--- START ---

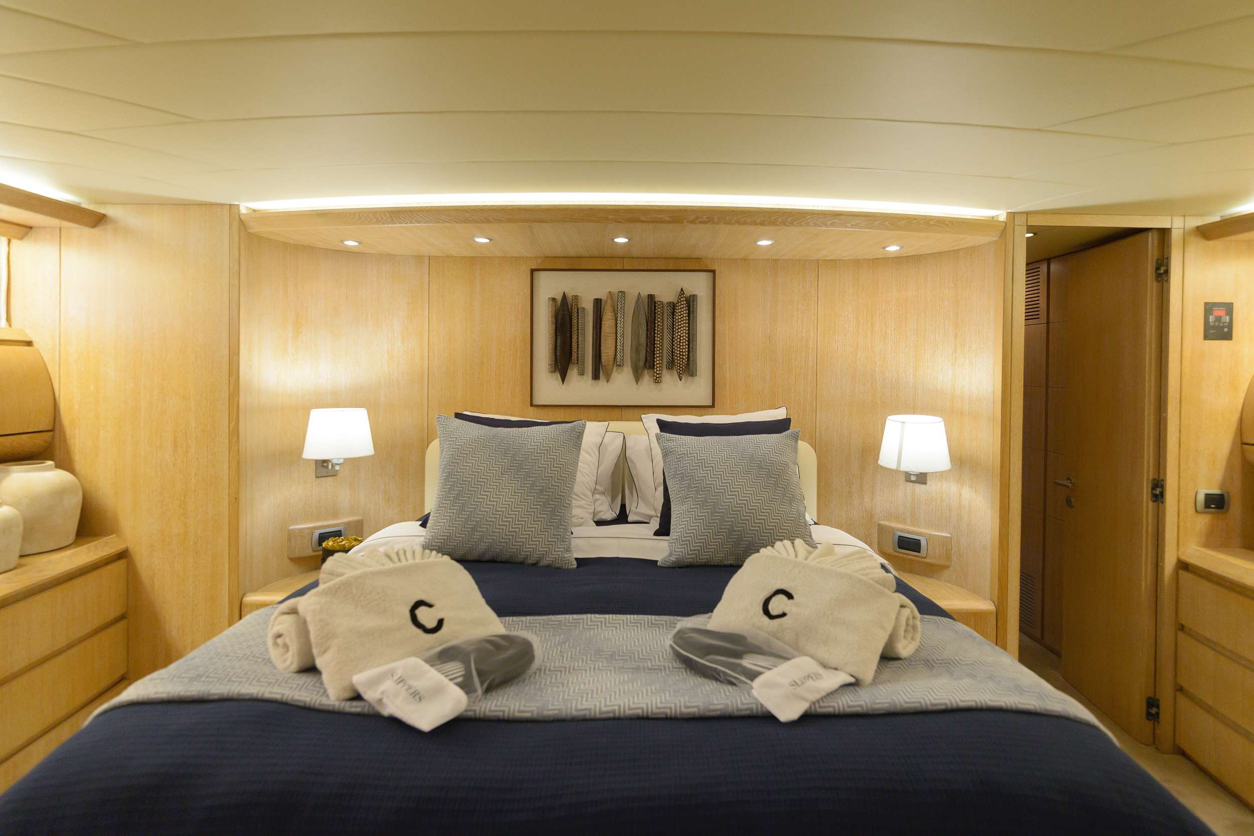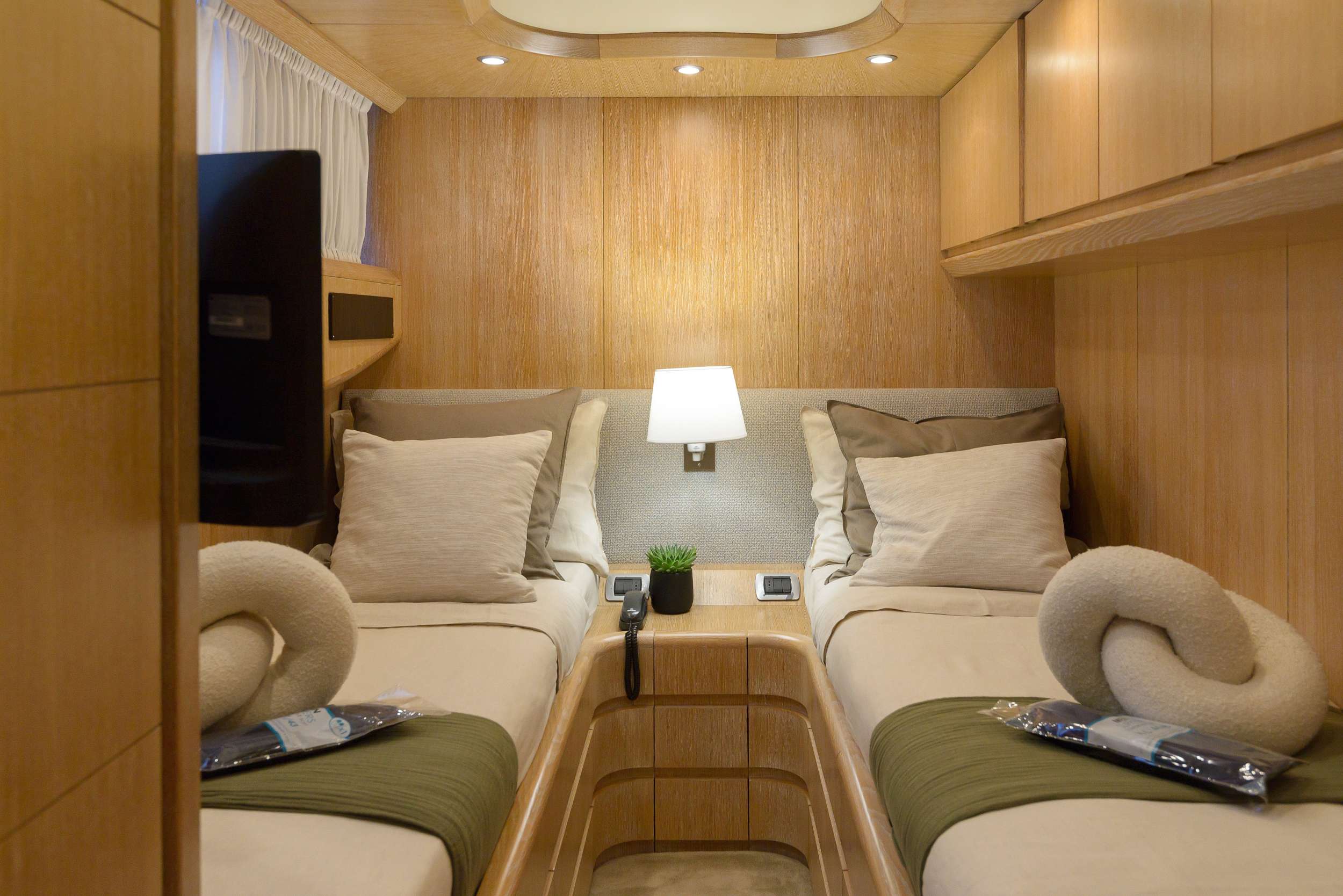 M/Y COOKIE accommodates 8 guests onboard in 4 cabins One Master Cabin with Queen bed, safe, vanity desk & walking closet One VIP Cabin with Queen bed Two Twin Cabins, one with an additional Pullman bed All cabins with ensuite facilities
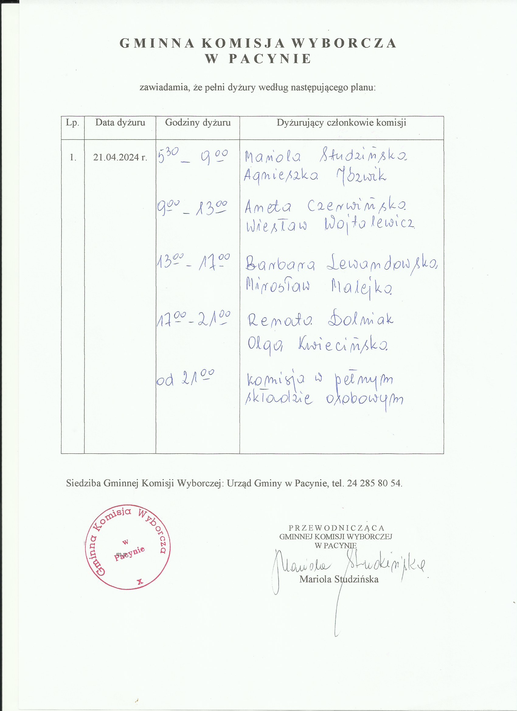 Harmonogram dyżurów Gminnej Komisji Wyborczej w Pacynie.
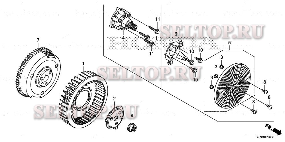 Маховик для Honda GX660RH BAF, взрыв-схема:
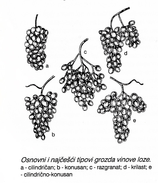 Najčešći tipovi grozda: a) cilindričan, b) konusan, c) razgranat, d) krilast, e) cilindrično-konusan.
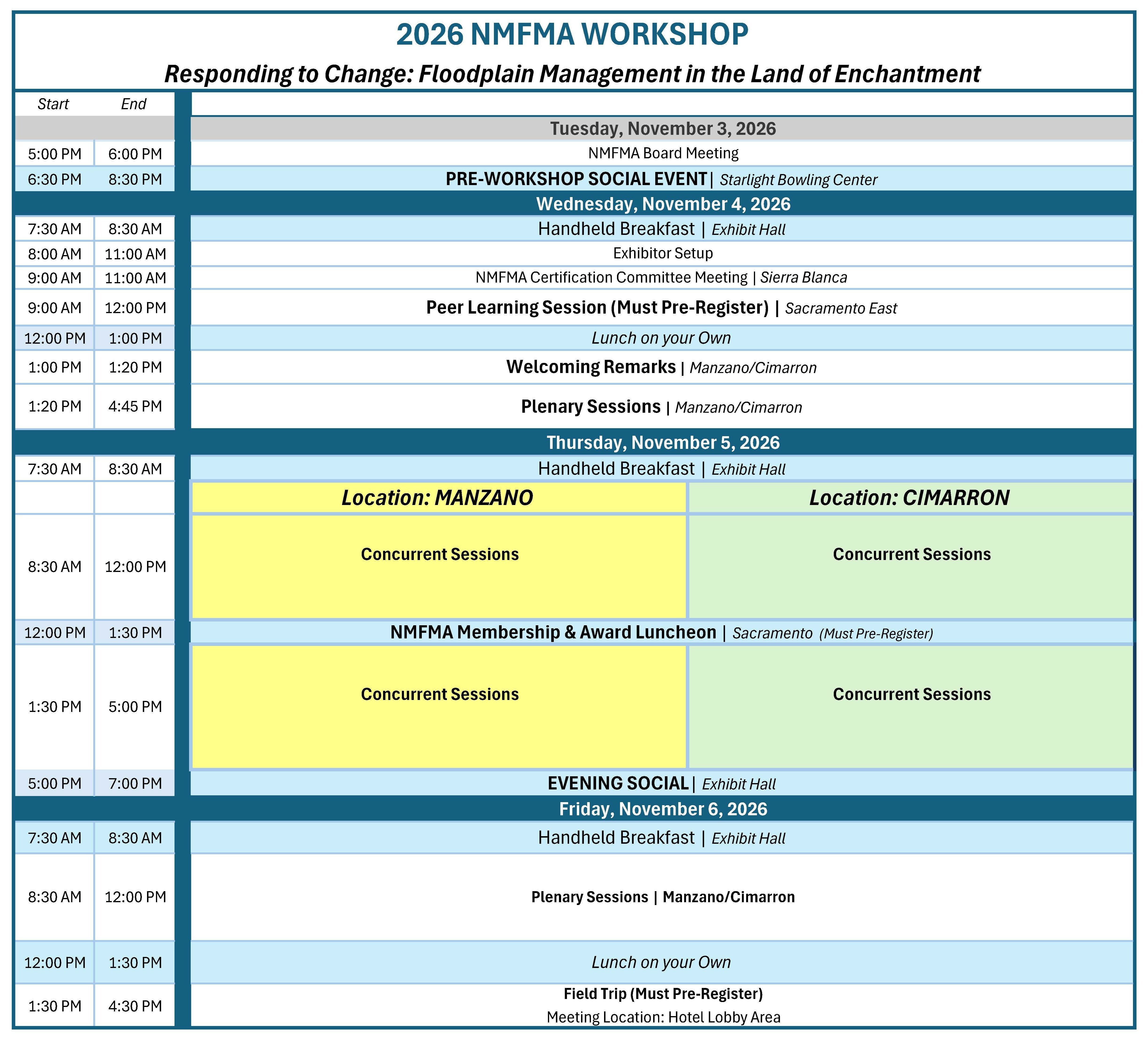 With the conference theme of “Responding to Change: Floodplain Management in the Land of Enchantment”, the workshop will feature, engaging plenary speakers and topical concurrent sessions on strategies being implemented to adapt to changes in policy and resources as well as the changing natural environment.
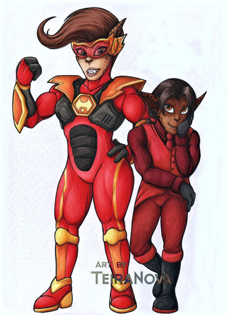 Gloss- New to earth, this alien actually has no true form. Her current look is from bonding with Grand Slam and his idea of a dream mate. She is crushing on him hard, but she can change her form as needed.
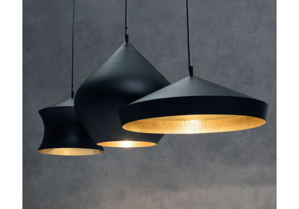 Beat Trio Linear designed by Tom Dixon is a suspension system in brass composed of three lamps in a single black finish.
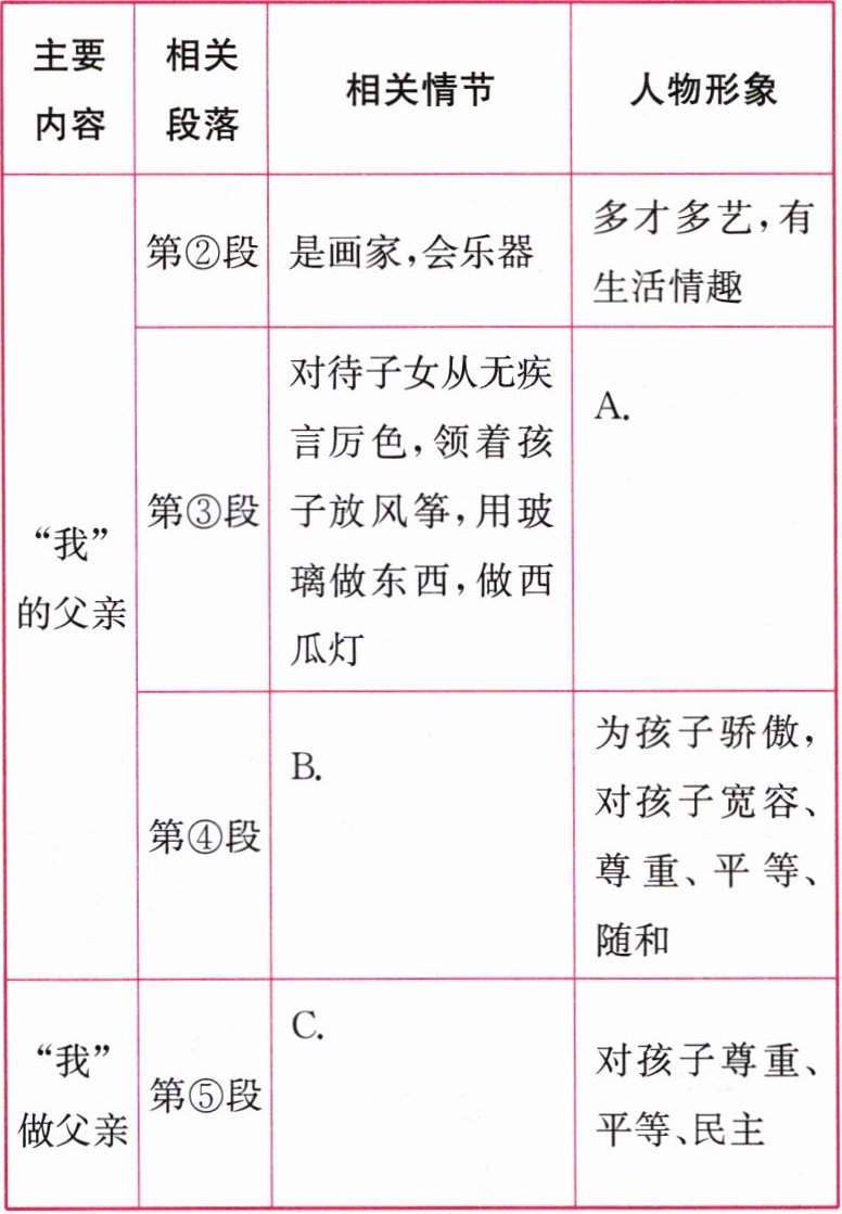 ③父亲是个很随和的人,我很少见他发脾气,对待子女,他从无疾言厉色。他爱孩子,喜欢孩子,爱跟孩子玩,带着孩子玩。我的姑妈称他为“孩子头”。春天,不到清明,他领着一群孩子到麦田里放风筝。放的是他自己糊的蜈蚣,是用染了色的绢糊的。放风筝的线是胡琴的老弦。老弦结实而轻,这样风筝可笔直地飞上去,没有“肚儿”。用胡琴弦放风筝,我还未见过第二人。孩子们在屋里闷了一冬天,在春天的田野里奔跑跳跃,身心都极其畅快。他用钻石刀把玻璃裁成不同形状的小块,再一块一块地逗拢,接缝处用胶水粘牢,做成小桥、小亭子、八角玲珑水晶球。桥、亭、球是中空的,里面养了金铃子。从外面可以看到金铃子在里面自在爬行,振翅鸣叫。他会做各种灯。用浅绿透明的“鱼鳞纸”扎了一只纺织娘,栩栩如生。在小西瓜上开小口,挖净瓜瓤,在瓜皮上雕镂出极细的花纹,做成西瓜灯。我们在这些灯里点了蜡烛,穿街过巷,邻居的孩子都跟过来看,非常羡慕。
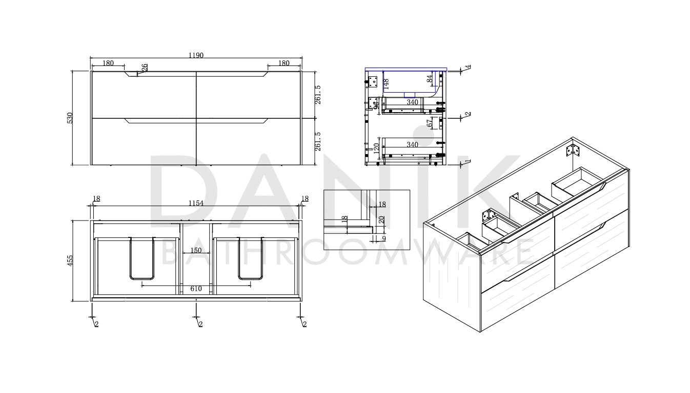 • Cabinet Dimensions: 1190mm (W) x 455mm (D) x 530mm (H)
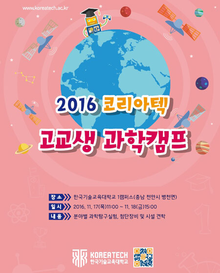 [대학저널 유제민 기자] 코리아텍(한국기술교육대학교. 총장 김기영)은 오는 11월 17일부터 18일까지 개최되는 '2016년 하반기 코리아텍 고교생 과학캠프' 참가 고교생 200명을 모집한다.
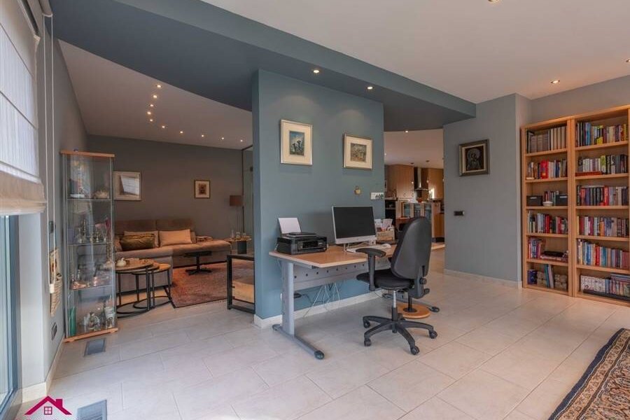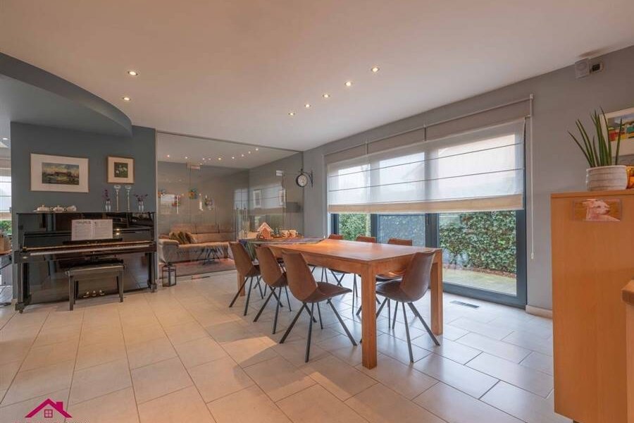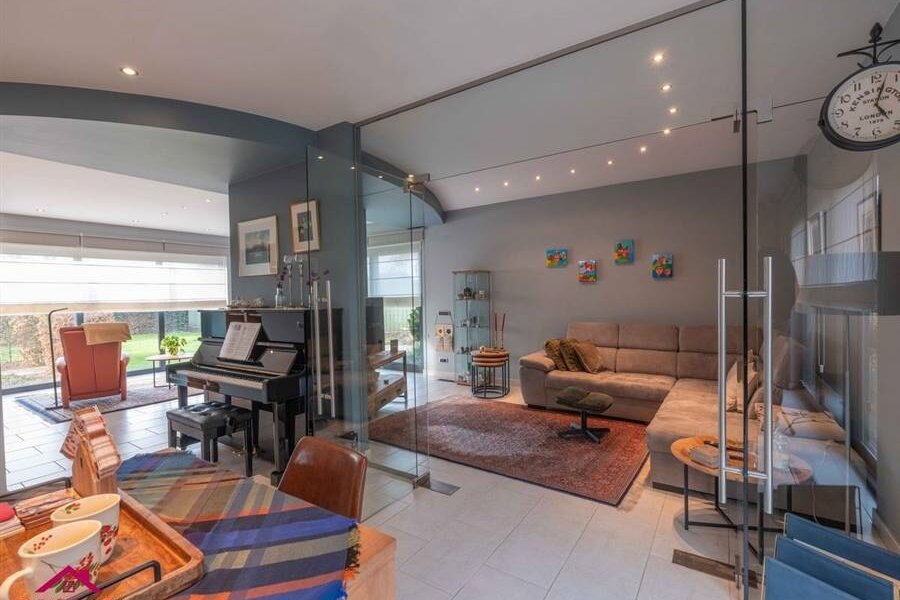 - Gezellige leefruimte, opgedeeld in een zitkamer, een tv hoek en een eetkamer, en met toegang tot de open keuken. De tv hoek werd van de eetkamer afgescheiden door middel van een glazen wand. Veel lichtinval dankzij de vele en grote raampartijen.

--- END ---

Give back the exact lines above, running from the one that has "Gloss- New to" through the one that has "[대학저널 유제민 기자]", with nothing added and no pictures.

 Gloss- New to earth, this alien actually has no true form. Her current look is from bonding with Grand Slam and his idea of a dream mate. She is crushing on him hard, but she can change her form as needed.
 Beat Trio Linear designed by Tom Dixon is a suspension system in brass composed of three lamps in a single black finish.
 ③父亲是个很随和的人,我很少见他发脾气,对待子女,他从无疾言厉色。他爱孩子,喜欢孩子,爱跟孩子玩,带着孩子玩。我的姑妈称他为“孩子头”。春天,不到清明,他领着一群孩子到麦田里放风筝。放的是他自己糊的蜈蚣,是用染了色的绢糊的。放风筝的线是胡琴的老弦。老弦结实而轻,这样风筝可笔直地飞上去,没有“肚儿”。用胡琴弦放风筝,我还未见过第二人。孩子们在屋里闷了一冬天,在春天的田野里奔跑跳跃,身心都极其畅快。他用钻石刀把玻璃裁成不同形状的小块,再一块一块地逗拢,接缝处用胶水粘牢,做成小桥、小亭子、八角玲珑水晶球。桥、亭、球是中空的,里面养了金铃子。从外面可以看到金铃子在里面自在爬行,振翅鸣叫。他会做各种灯。用浅绿透明的“鱼鳞纸”扎了一只纺织娘,栩栩如生。在小西瓜上开小口,挖净瓜瓤,在瓜皮上雕镂出极细的花纹,做成西瓜灯。我们在这些灯里点了蜡烛,穿街过巷,邻居的孩子都跟过来看,非常羡慕。
 • Cabinet Dimensions: 1190mm (W) x 455mm (D) x 530mm (H)
 [대학저널 유제민 기자] 코리아텍(한국기술교육대학교. 총장 김기영)은 오는 11월 17일부터 18일까지 개최되는 '2016년 하반기 코리아텍 고교생 과학캠프' 참가 고교생 200명을 모집한다.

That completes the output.